To effectively work with the XML, you will likely want to use file sectioning. This makes it easy to restrict the main part of the action to the contents of specific XML tags. The XML in DOCX files does not have line breaks. So you need to change “context type” to avoid heaps of XML on the Results Panel. Select “use sections as context” when using file sectioning. Otherwise, set it to “no context” or to “search for context” with <?+[^<>]++>?+ as the context regex. This regex matches a single XML tag or the text between two tags. If your replacement string contains reserved XML characters, use extra processing to automatically replace those.

To search-and-replace through the body text of DOCX files, for example, take these steps on the Action panel:

  1. Start with a fresh action.
  2. Set the action type to “search and replace”.
  3. Enter the text to search for and replace with.
  4. Select “search and collect sections” from the “file sectioning” list. Leave the section search type as “regular expression”.
  5. In the Section Search box, enter the regular expression <w:t>([^<]++)</w:t>. This regular expression matches a pair of <w:t> and </w:t> XML tags, and the text between them. In Word .docx files, all printable text is stored between such tags. Turn on “case sensitive search” in the file sectioning for better performance.
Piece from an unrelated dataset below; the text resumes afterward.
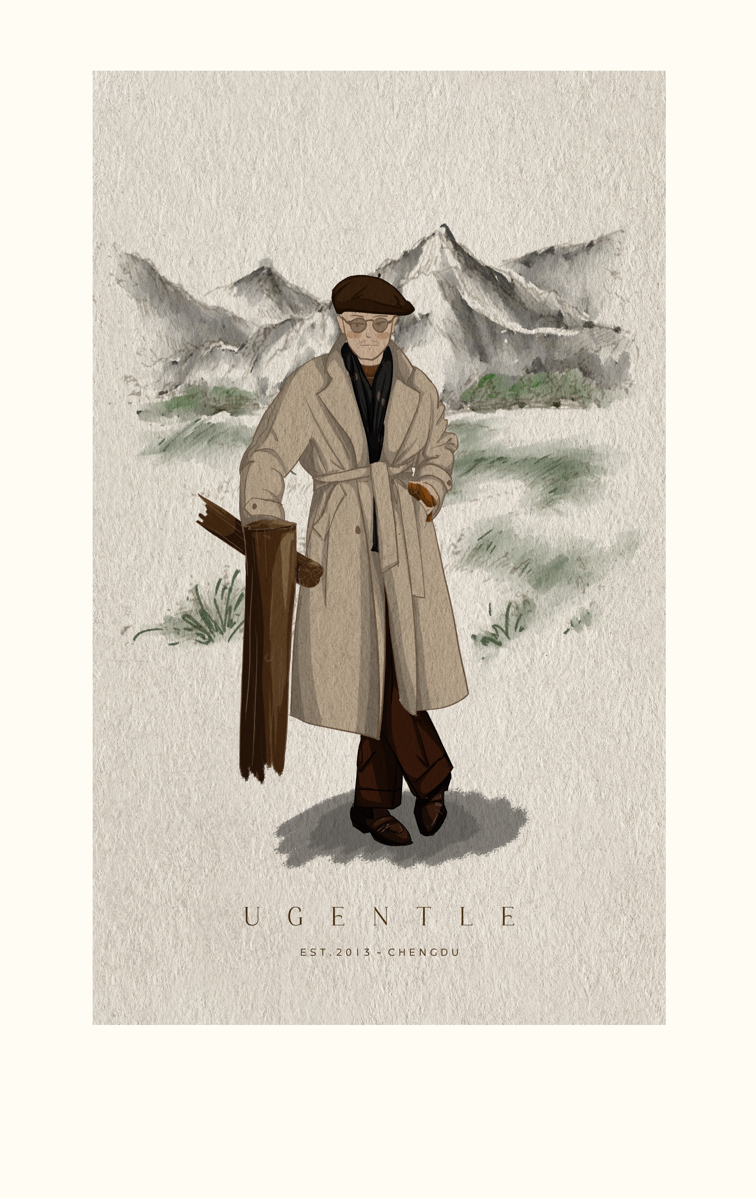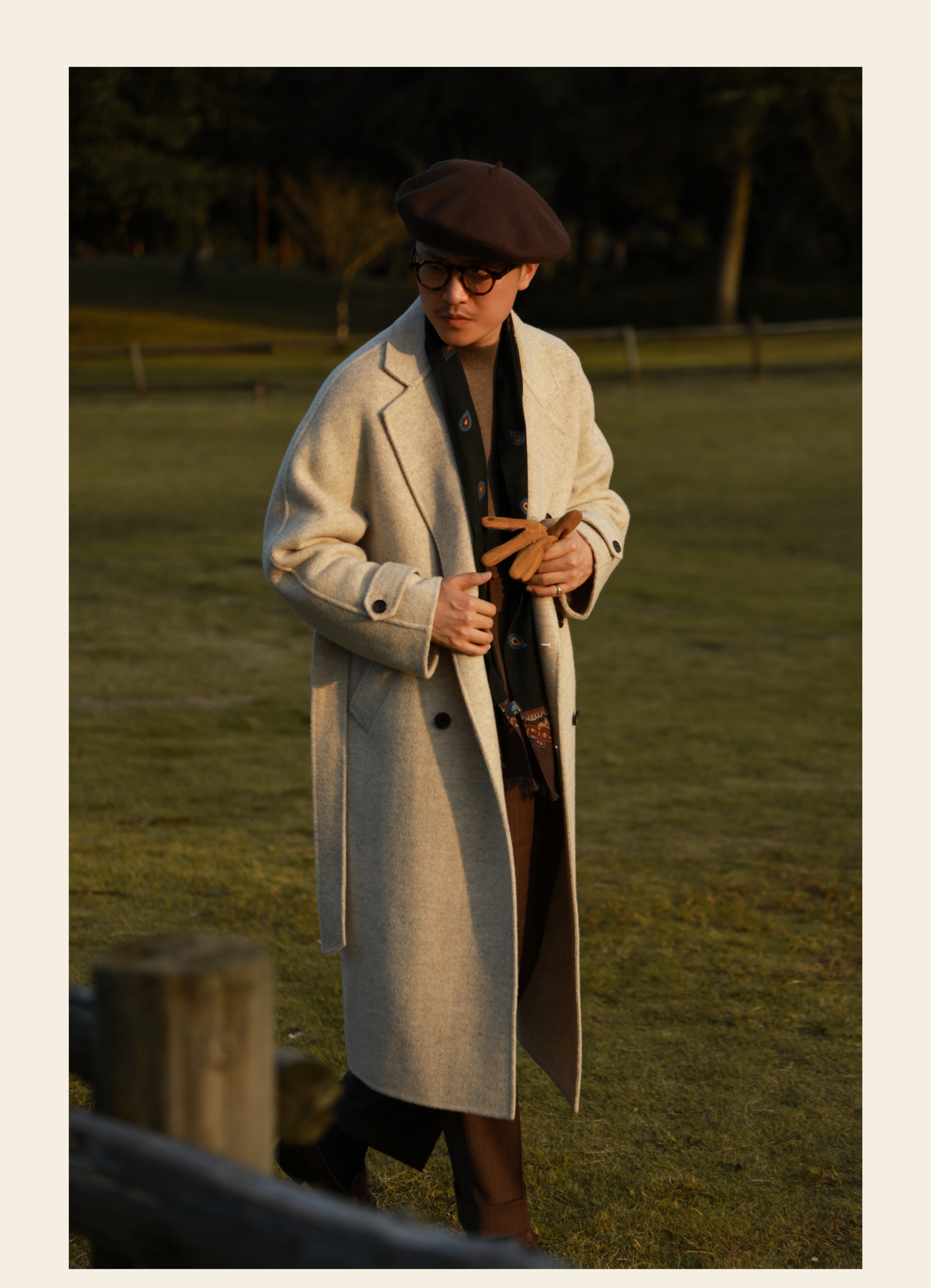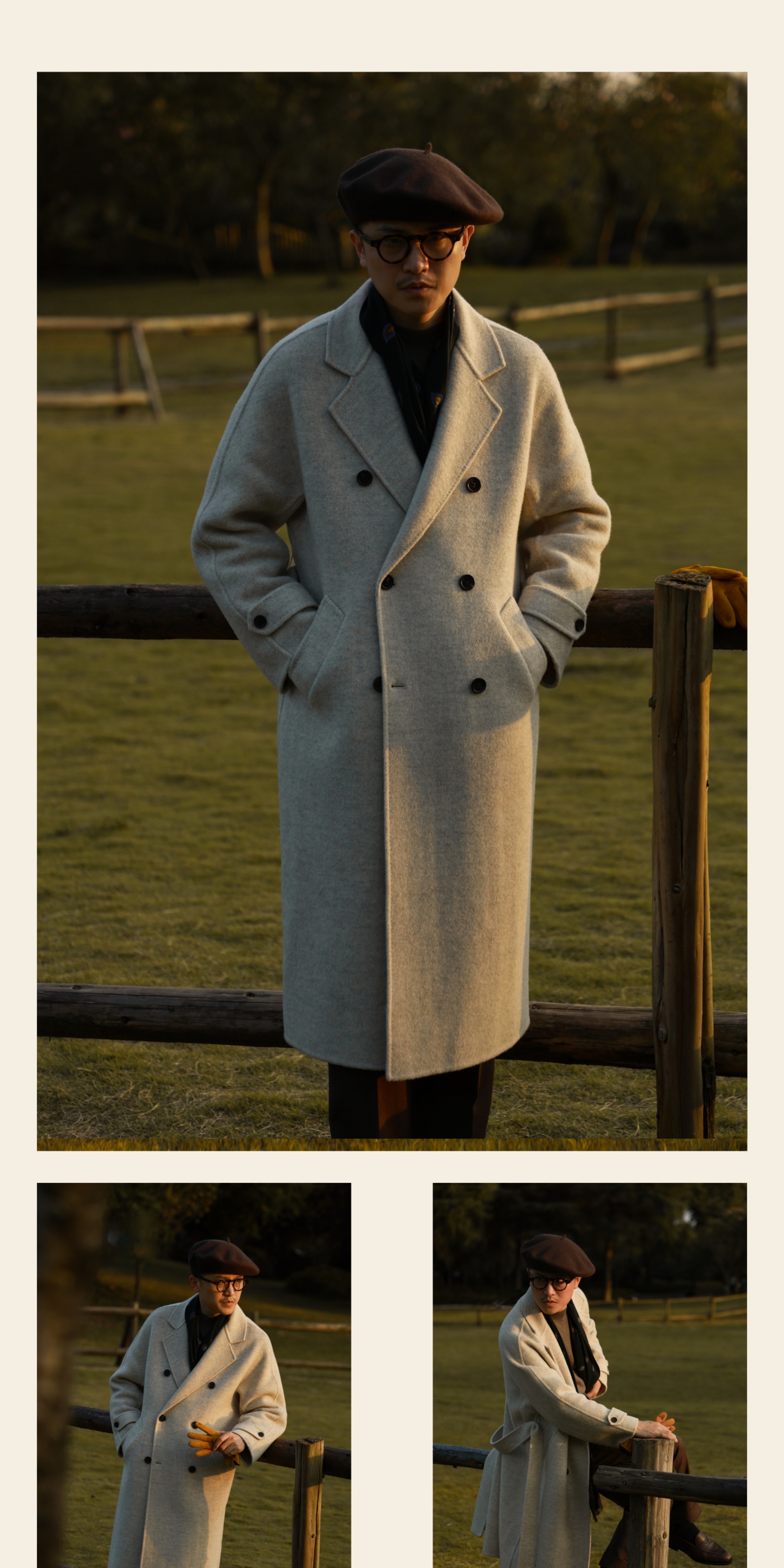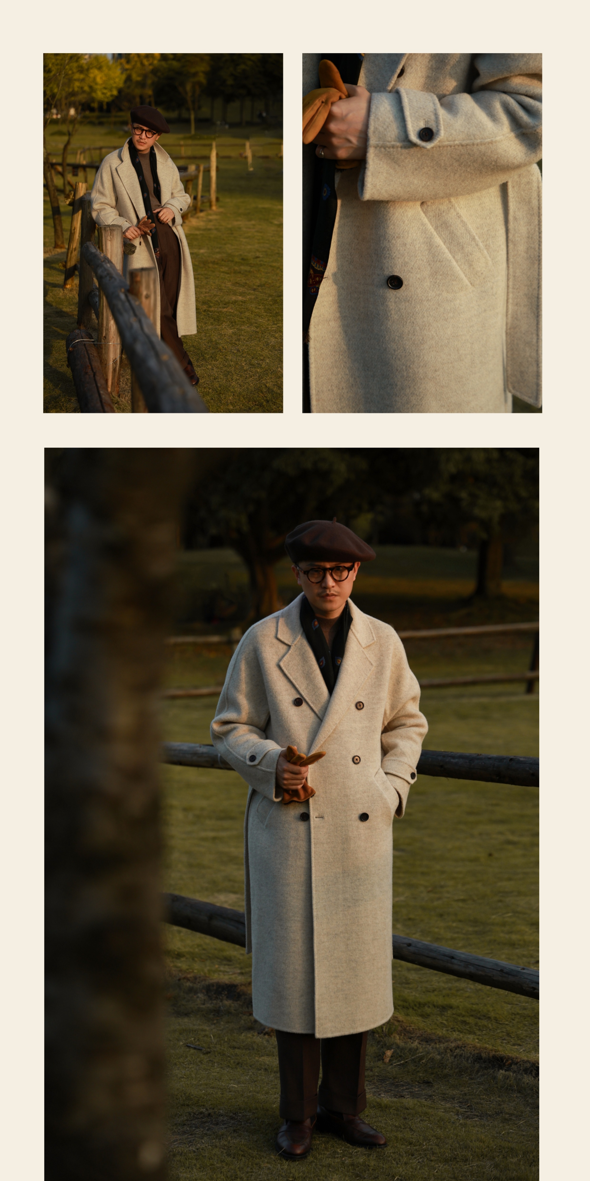 Ugentle Men's Winter Camel Wool'Misty White' Belted Double-Breasted Handmade Double-Sided Wool Coat

XML tags are case sensitive.
  6. In the Section Collect box, enter the backreference \1 to restrict the main action to the contents of the <w:t> tag.
  7. Turn on “extra processing”.
  8. Set the extra processing search type to “delimited literal text”, the “extra term delimiter” to a comma, and the “extra pair delimiter” to an equals sign.
  9. Enter <=&lt;,>=&gt;,&=&amp; into the “extra processing search” box.
  10. Make sure “non-overlapping search” is turned on for extra processing.
  11. Set “context type” to “use sections as context”.
  12. Click the Preview button to run the action.

This example is available in the PowerGREP5.pgl library as “Office: Search-and-replace in printable text in the raw XML inside DOCX files”.